Looking for an answer in the ears
Rubens is partnering on a study called the Oto-Acoustic Signals in SIDS (OASIS) study that will investigate a possible association between SIDS and hearing abnormalities on the newborn hearing test. He is working with The Lullaby Trust in the United Kingdom and Dr. Peter Fleming, pediatrician and professor at Bristol University, to launch the study in May.
“We keep working away to understand the cause of sudden infant deaths, and we are not giving up,” Rubens said. “Solving SIDS is our mission. This study will give researchers access to comprehensive data that could yield important insights into how an infant’s hearing and associated risk factors can impact the risk for SIDS. What is most promising about this study is that we are considering a way to detect infants at risk well before a potential fatal event.”

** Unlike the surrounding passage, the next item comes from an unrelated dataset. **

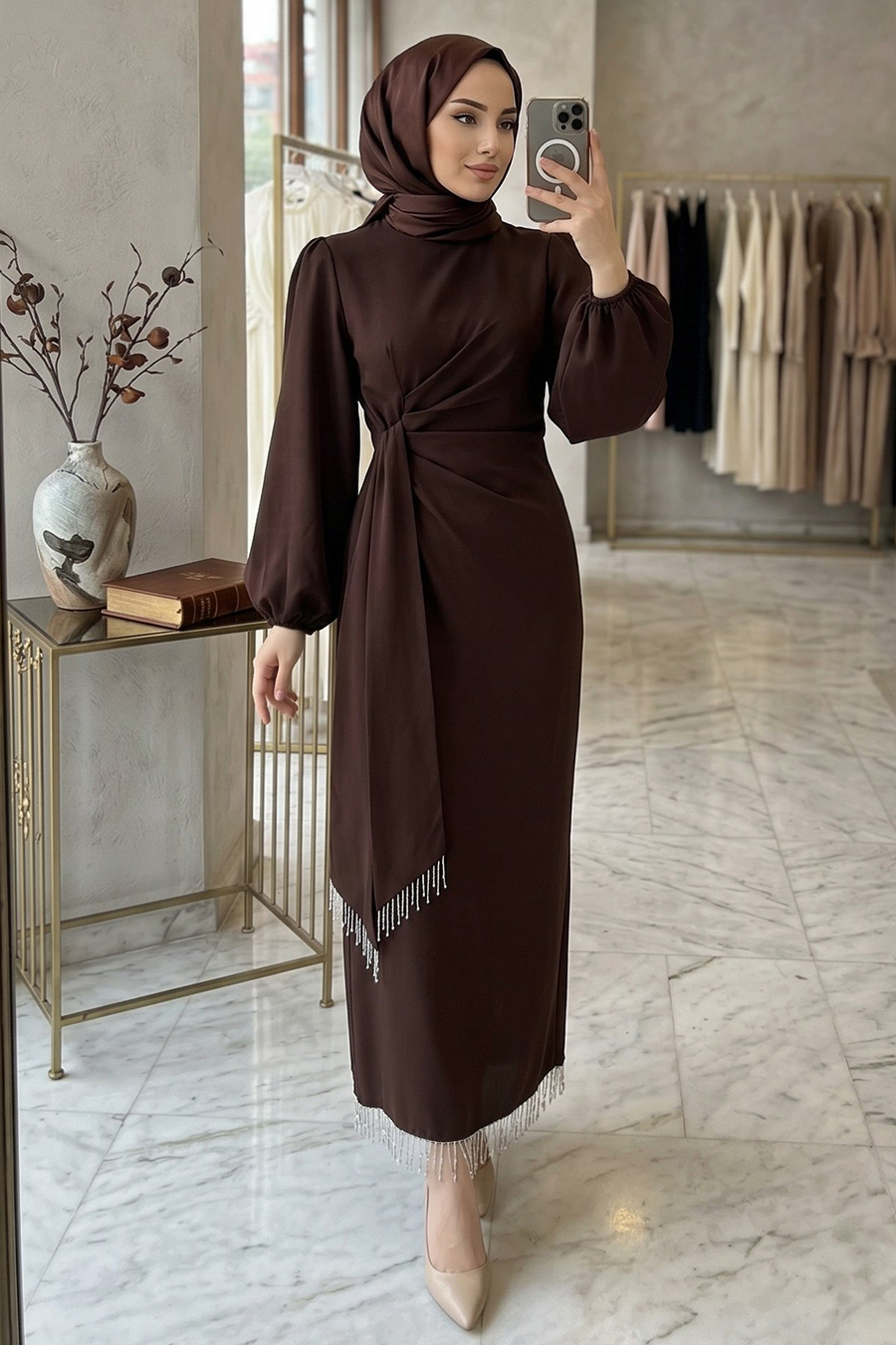 Ürün Rengi: Koyu KahverengiLife Style çekimlerden dolayı ürün renginde ton farkı olabilir Sipariş İçeriği: Bu ürün kombin değildir. Sadece abiyeden oluşmaktadır. Numune Bedeni: 38 Yıkama: Yalnızca kuru temizleme yapılabilir.

SIDS is defined as the sudden death of an infant less than 1 year of age that cannot be explained after a thorough investigation including an autopsy, examination of the death scene and a review of clinical history. According to the Centers for Disease Control, SIDS is the leading cause of death in infants 1 to 12 months old. About 2,000 babies born in the United States die each year from SIDS.

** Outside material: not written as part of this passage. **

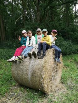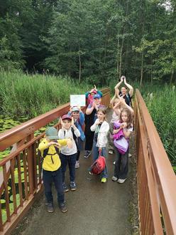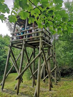 Er führte uns durch tiefe Wälder, vorbei an romantischen Flüssen, über Wiesen und Felder. Unterwegs begegneten wir kleinen Käfern, einer großen Schafherde, netten Wanderern, kleinen Hunden und vielen Vögeln und Insekten. Alles wurde untersucht und begutachtet oder gestreichelt, denn Zeit spielte keine Rolle. Der Weg war das Ziel! Das Highlight waren der Aussichtsturm und die sprechende Bank.
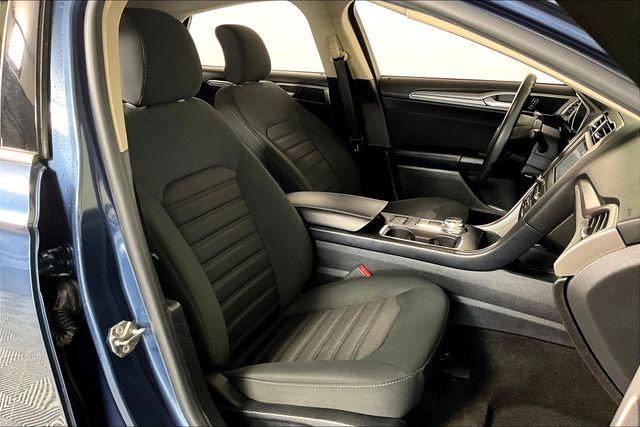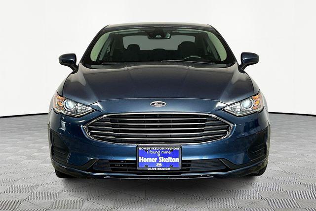 Clean CARFAX. Velocity Blue Metallic 2019 Ford Fusion Hybrid SE FWD eCVT I4 HybridHomer Skelton is committed to meeting your automotive needs with speed flexibility and friendly customer service. 43/41 City/Highway MPGEquipment Group 550A Fusion Hybrid SE I4 Hybrid FWD AppLink/Apple CarPlay and Android Auto Exterior Parking Camera Rear Fully automatic headlights Lane Departure Warning System Navigation System Rear Parking Sensors Security system Speed control Telescoping steering wheel Tilt steering wheel Wheels: 17"" Sparkle Silver-Painted Aluminum 4-Wheel Disc Brakes 9 Speakers ABS brakes Air Conditioning AM/FM radio: SiriusXM Auto High-beam Headlights Auto-dimming Rear-View mirror Automatic temperature control Brake assist Bumpers: body-color Cloth Front Bucket Seats Compass Delay-off headlights Driver door bin Driver vanity mirror Dual front impact airbags Dual front side impact airbags Electronic Stability Control Emergency communication system: 911 Assist Four wheel independent suspension Front anti-roll bar Front Bucket Seats Front Center Armrest Front dual zone A/C Front reading lights Illuminated entry Knee airbag Low tire pressure warning Occupant sensing airbag Outside temperature display Overhead airbag Overhead console Panic alarm Passenger door bin Passenger vanity mirror Power door mirrors Power driver seat Power passenger seat Power steering Power windows Radio data system Radio: AM/FM/MP3 Stereo Rain sensing wipers Rear anti-roll bar Rear reading lights Rear seat center armrest Rear window defroster Remote keyless entry Speed-sensing steering Speed-Sensitive Wipers Split folding rear seat Steering wheel mounted audio controls SYNC 3 Communications & Entertainment System Tachometer Traction control Trip computer and Variably intermittent wipers.

Rubens thinks that babies with inner ear damage are not able to wake up or move themselves away from danger if their breathing is compromised. The babies suffer from a lack of oxygen and build up of carbon dioxide in their bodies while asleep and they can die.
“Parents can do everything correctly and this can still happen,” he said. “We are not suggesting that SIDS only occurs because of inner ear dysfunction. Rather, we believe the inner ear plays an important role in relaying vital information to other areas of the brain involved in survival. If this region is damaged, I believe it is part of the underlying specific condition that leads to SIDS.”
Working to understand and prevent SIDS
The study will examine the newborn hearing tests and death records of babies who have died of SIDS, and compare those with newborn hearing tests of babies born during the course of the study. The team will examine the data for patterns that indicate that abnormal hearing test results may increase the risk of SIDS. In addition, the teams will interview mothers of babies about lifestyle habits such as smoking, diet and sleeping position of babies, which are all known to affect the risk of SIDS.
The team will conduct the study in the United Kingdom because newborn hearing tests and infant death records are standardized and the data is consistent across the country. In the United States, infant hearing tests and death reports are inconsistent because each state and county has its own process.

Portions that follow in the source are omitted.